* _WORK ITEM_
Leaving out the pictures, return word for word the stretch of entries below from the line holding "A person typing" through the line holding "Compact ponte jersey".

[Items listed in a dataset]
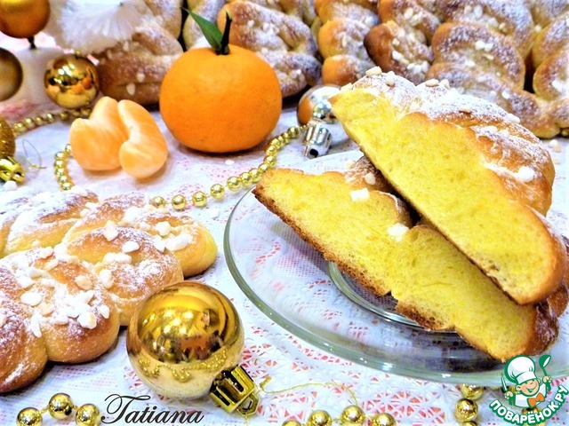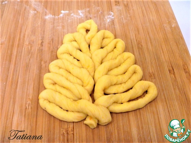 Рецепт «Творожно-мандариновые булочки "Ёлочки"»:
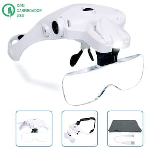 Lupa de Cabeça tipo Óculos com 2 LEDS recarregáveis super brilhantes ideal para leitura, desenho, artesanato, costura, idosos, hobbistas e profissionais. Seu suporte de cabeça é intercambiável e você pode escolher entre hastes ou faixa ajustável. Vem com 5 lentes de diferentes ampliações, fáceis de trocar. Essa Lupa de Cabeça permite o ajuste de direção tanto da luz quanto das lentes e o ajuste de distância entre a lente e os olhos, fazendo com que ela se adapte perfeitamente às necessidades do usuário.
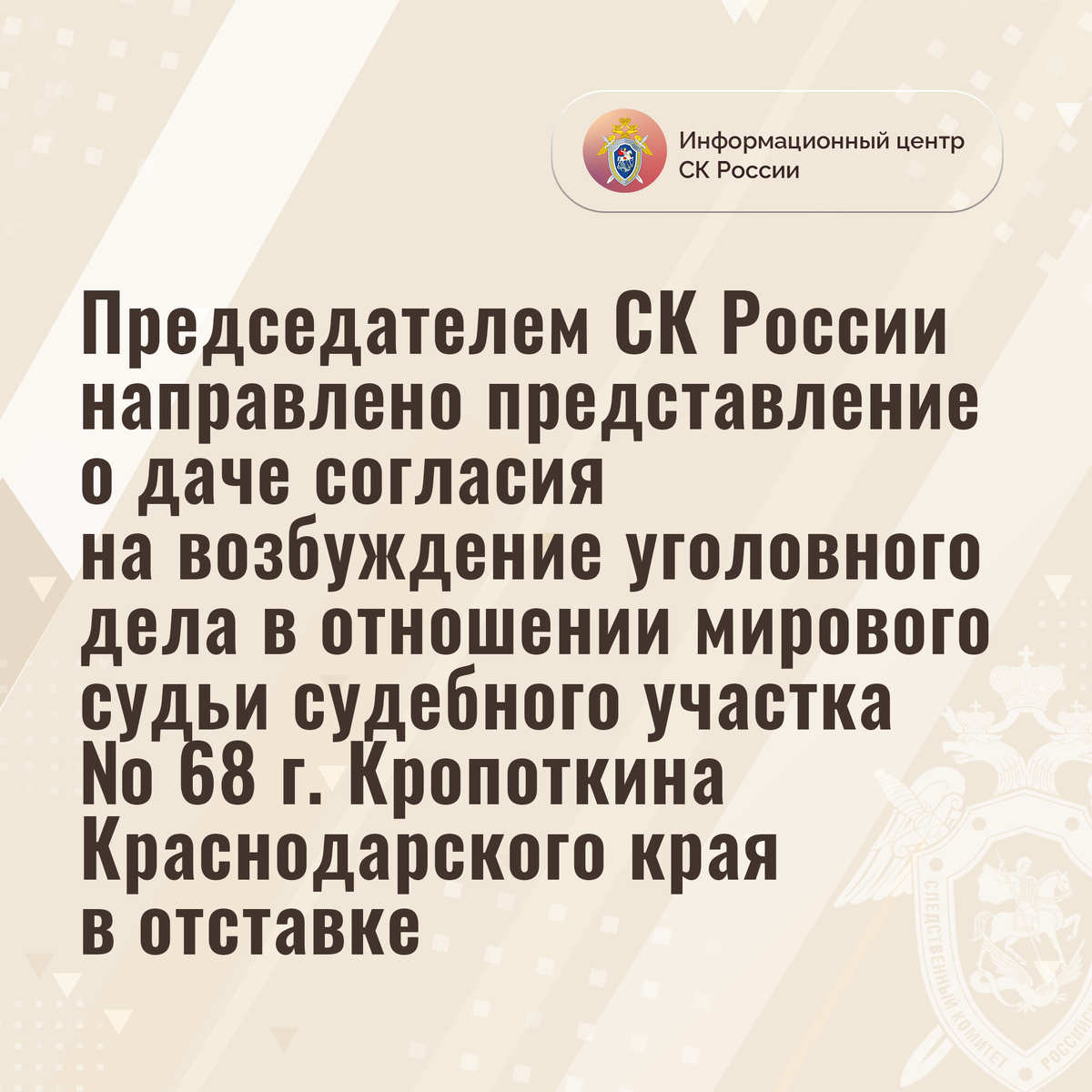 Председателем СК России направлено представление о даче согласия на возбуждение уголовного дела в отношении мирового судьи судебного участка
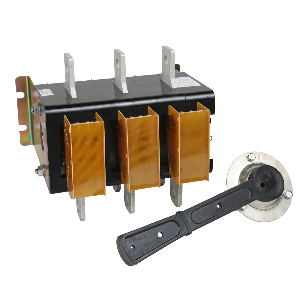 Фото. Выключатель-разъединитель 3 полюсный на номинальный ток 630 А, в котором установлена съемная рукоятка.
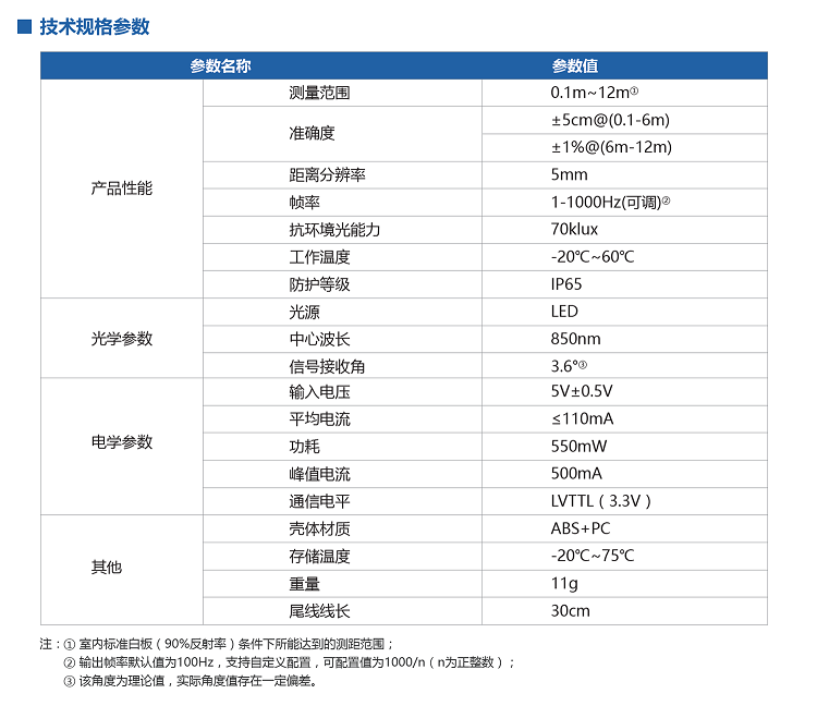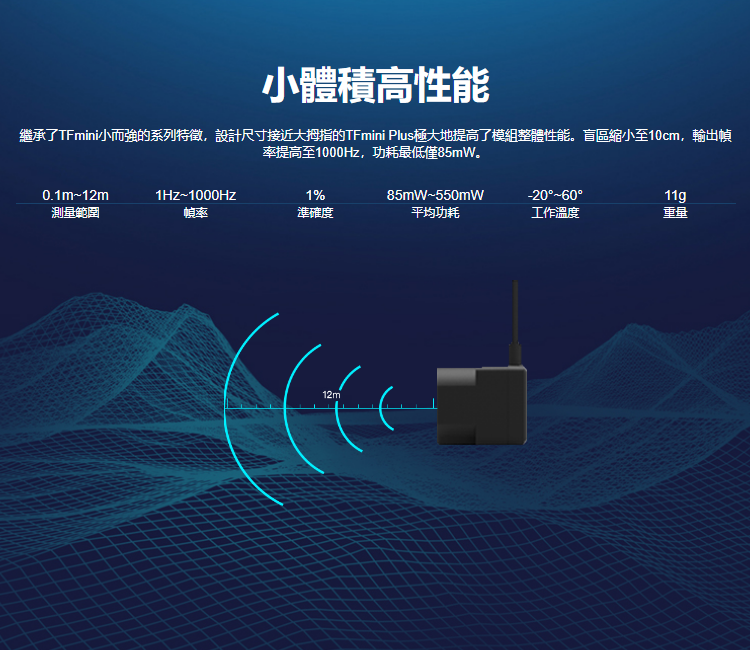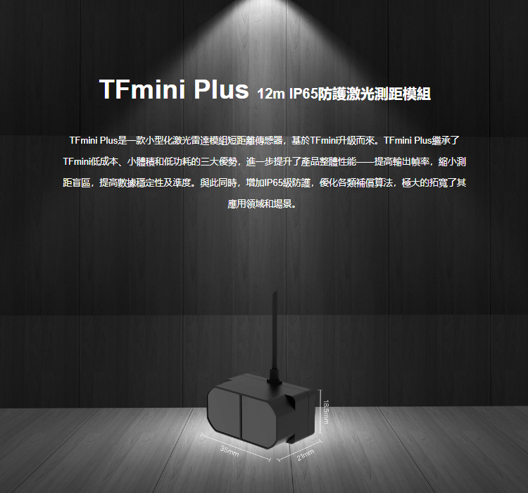 TFmini Plus是一款以TOF(飛行時間)原理,配合獨特的光學、電學、演算法設計,主要實現穩定、精準、高靈敏度和高速的距離測量的功能。
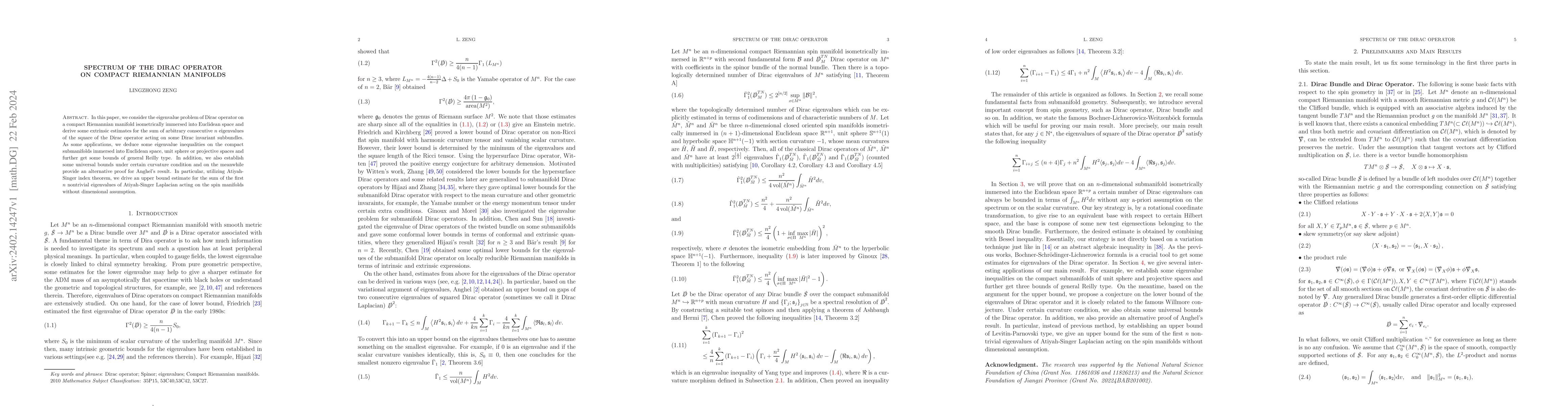 This paper investigates the eigenvalue problem of the Dirac operator on compact Riemannian manifolds immersed in Euclidean space, deriving extrinsic estimates for sums of consecutive eigenvalues and establishing Reilly-type bounds. It also provides an alternative proof for Anghel's result and an upper bound for the first $n$ nontrivial eigenvalues of Atiyah-Singer Laplacian on spin manifolds.
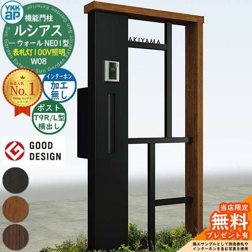 YKKap 機能門柱 ルシアス ウォールNE01型 W08 表札灯タイプ(100V照明) T9R(L)型セット
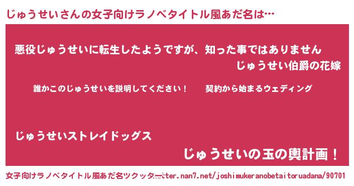 | 男性向けラノベタイトル風あだ名 | 『ジュウセイアートオンライン』 |
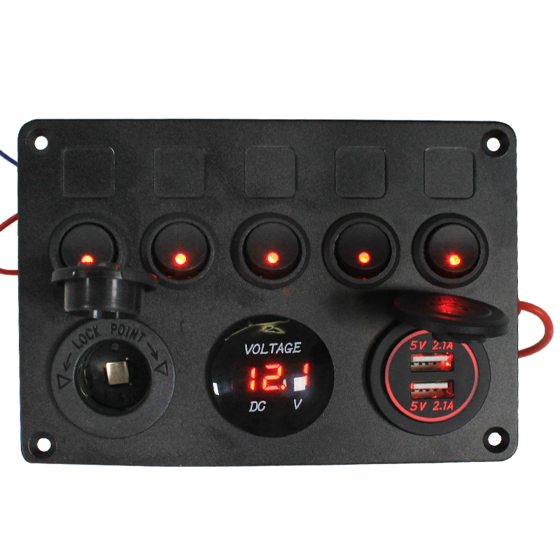Room car control system Mechanical control system 5 - way switch voltage cigarette lighter USB charging interface panel
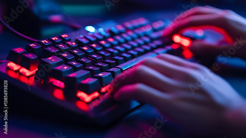 A person typing on a mechanical keyboard with rgb lighting, visible key presses and illuminated keysWall mural
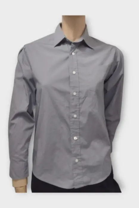 PERRY ELLIS Camisa Dama Algodón Gris L 14Marca: PERRY ELLISOrigen: El Salvador Material: 55% Algodón 45% PolyesterTalla: L - 14Estilo: CamisaPatrón: CamisaColor: GrisCierre: BotónPecho: 44 cmLargo: 62 cmHombro: 37 cmManga: 52 cmRopa de USO en muy buen estado
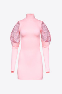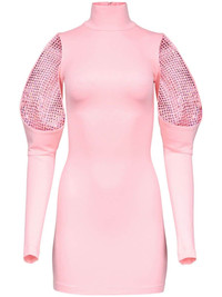 Compact ponte jersey turtle neck dress featuring cold-shoulder detail with crystal embellishment. Available in Candy Rose & Black. - 67%Rayon, 28% Nylon, 5%Spandex - Model is 5'10 and wears a size XS - Dry clean only
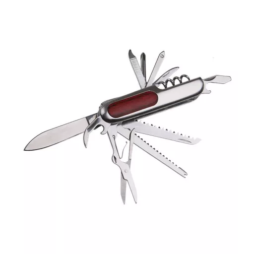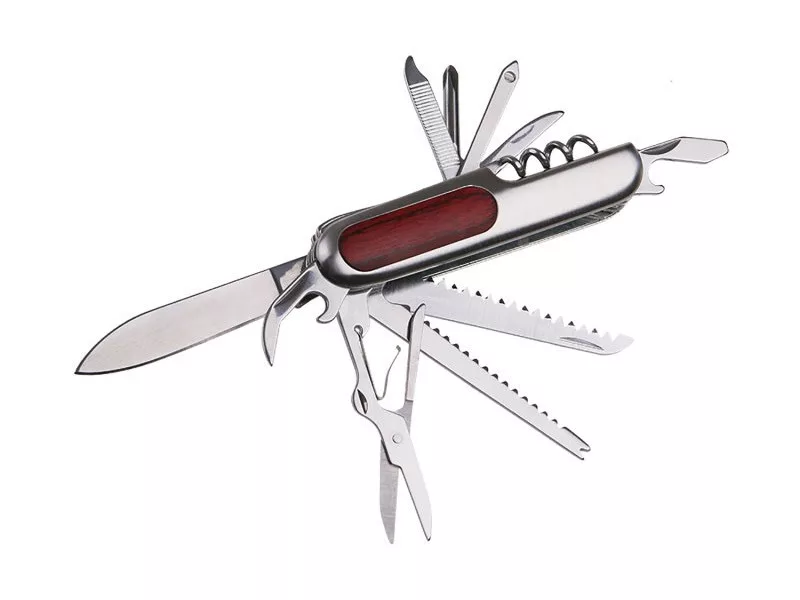 INOX multifunkcionális zsebkés. Zárt kés hossza 95 mm. Rozsdamentes acél multifunkcionális kés 11 különböző résszel, különböző felhasználási célokra. A fogantyú fém és fa kombinációja. Súlya 0,666 kg.

* _TASK OUTPUT_
 A person typing on a mechanical keyboard with rgb lighting, visible key presses and illuminated keysWall mural
 PERRY ELLIS Camisa Dama Algodón Gris L 14Marca: PERRY ELLISOrigen: El Salvador Material: 55% Algodón 45% PolyesterTalla: L - 14Estilo: CamisaPatrón: CamisaColor: GrisCierre: BotónPecho: 44 cmLargo: 62 cmHombro: 37 cmManga: 52 cmRopa de USO en muy buen estado
 Compact ponte jersey turtle neck dress featuring cold-shoulder detail with crystal embellishment. Available in Candy Rose & Black. - 67%Rayon, 28% Nylon, 5%Spandex - Model is 5'10 and wears a size XS - Dry clean only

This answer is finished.